Chapter 3 deals with the most subjective work of the three sources: Stories of an Imaginary

Childhood. It requires a highly referential reading in order to detect elements that point to the

Holocaust and trauma (hence the less intense title of the chapter, “Droplets of Trauma”).

Nevertheless, as I have demonstrated, the family dynamic of old versus new is, again, prominent in the book's the narrative. The overbearing presence of parents who insist that know better is still present. The imperative to conform and respect tradition recalls scenes from Maus and Second

Hand Smoke where Artie and Duncan respectively are pressured into mourning their dead mothers

even though the do not see themselves ready to do so. In that respect, each of my primary sources suggests that peer pressure coming from the collective plays a major role in complicating an already crippling trauma that has its origins in parent over-presence or parent ostracizing or both.

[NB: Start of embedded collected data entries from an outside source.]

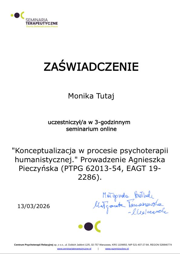 Pani Monika jest uważna na człowieka, a nie na gotowe metody, dzięki czemu każde spotkanie ma indywidualny sens i kierunek.
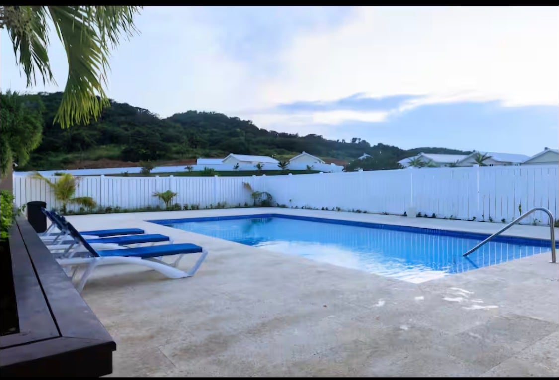 Espace moderne avec 3 chambres, 3 salles de bain, 5 couchages Il est situé à 20 minutes de l'aéroport. Complexe sécurisé avec sécurité 24h/24, salle de sport, belle piscine à débordement extérieure avec cascade et aire de jeux pour enfants avec cabane dans les arbres. Bercé par l'océan et les montagnes, il est idéal pour les couples, les petits groupes, les voyageurs d'affaires et les familles et dispose d'un accès facile en fauteuil roulant au rez-de-chaussée. Il est à seulement 5 à 10 minutes des commerces et des restaurants et à 15 minutes de Hipstrip et de la magnifique plage de Doctors Cave.
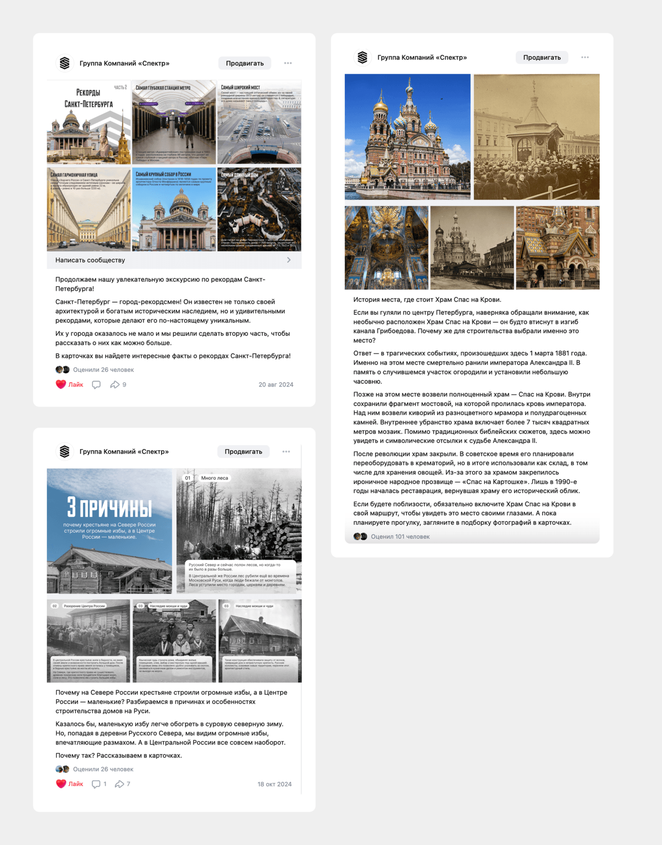 Социальные сети компании — точка встречи двух аудиторий: профессионалов, которым важны детали и процессы, и широкой аудитории, интересующейся историей, архитектурой и сохранением культурного наследия.
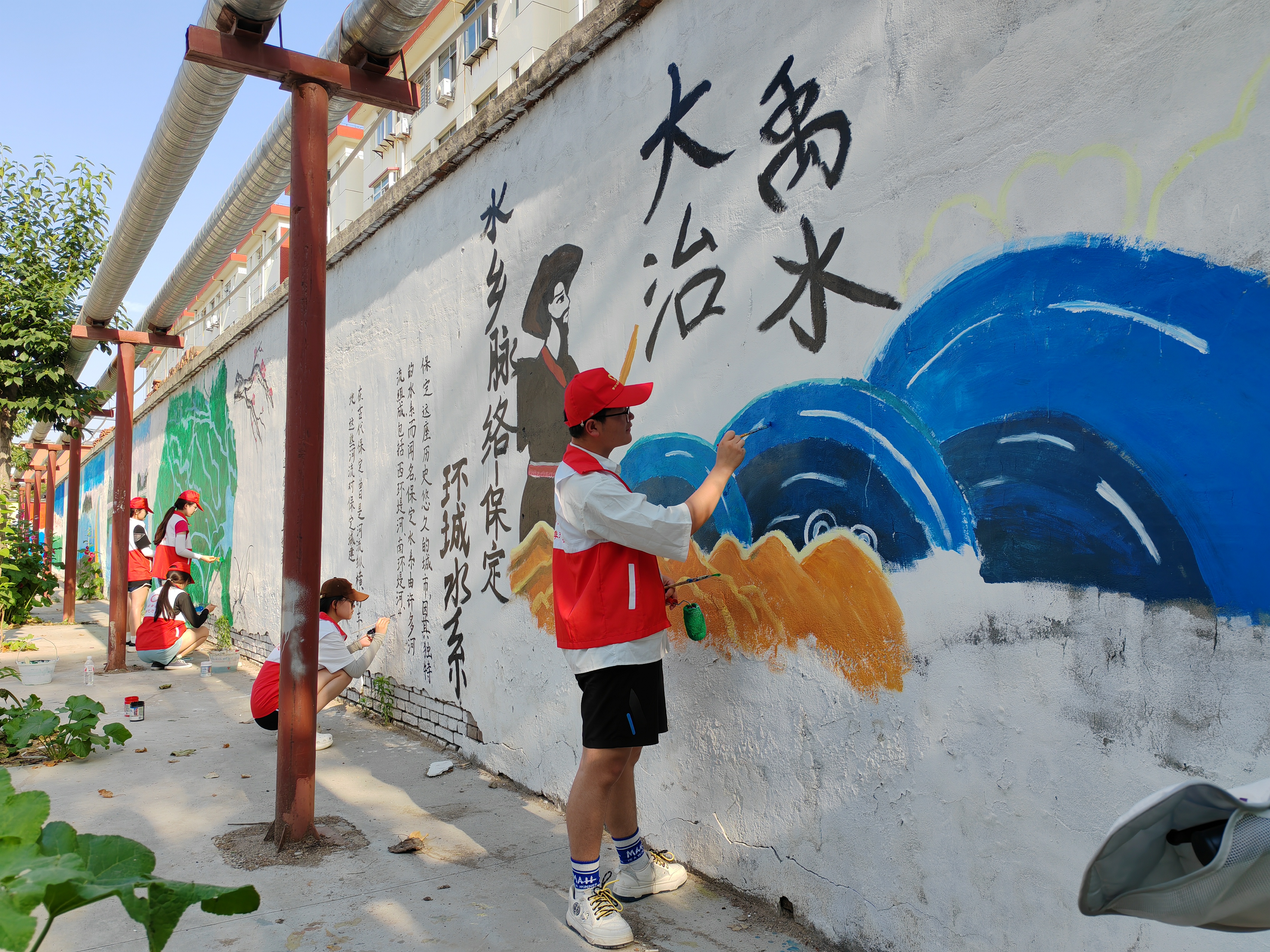 “这两面围墙总计长60多米、高约3米,结合小区为省水工一处宿舍这一特点,我们与大学生们充分沟通后确定了墙体彩绘主题。”钻石社区党委书记张欢说,在准备阶段,她特意带领大学生志愿者前往市水利博物馆参观学习,寻找灵感。管理小区的火泰物业将围墙刷白打底,并出资购买了颜料、画笔等绘画用品,共同为小区环境美化贡献力量。

Stories of an Imaginary Childhood also suggests that trauma is inherited. The boy suffers

nightmares from traumatic events that have occurred generations before him. As a result I can conclude that Bukiet views trauma as an integral part of Jewish identity. Even after attempts to shed the communal legacy, one is bound to “act out” his people's trauma one way or the other.

Essentially, via close reading of my primary resources, I managed to find common traits among them them. In all three of the books there is a presence of inter-generational struggle. The intensity of that struggle varies, but its foundations remain the same: old versus new, traditional versus secular, dominance versus freedom. In all three books, trauma means inheritance and inheritance means further complication.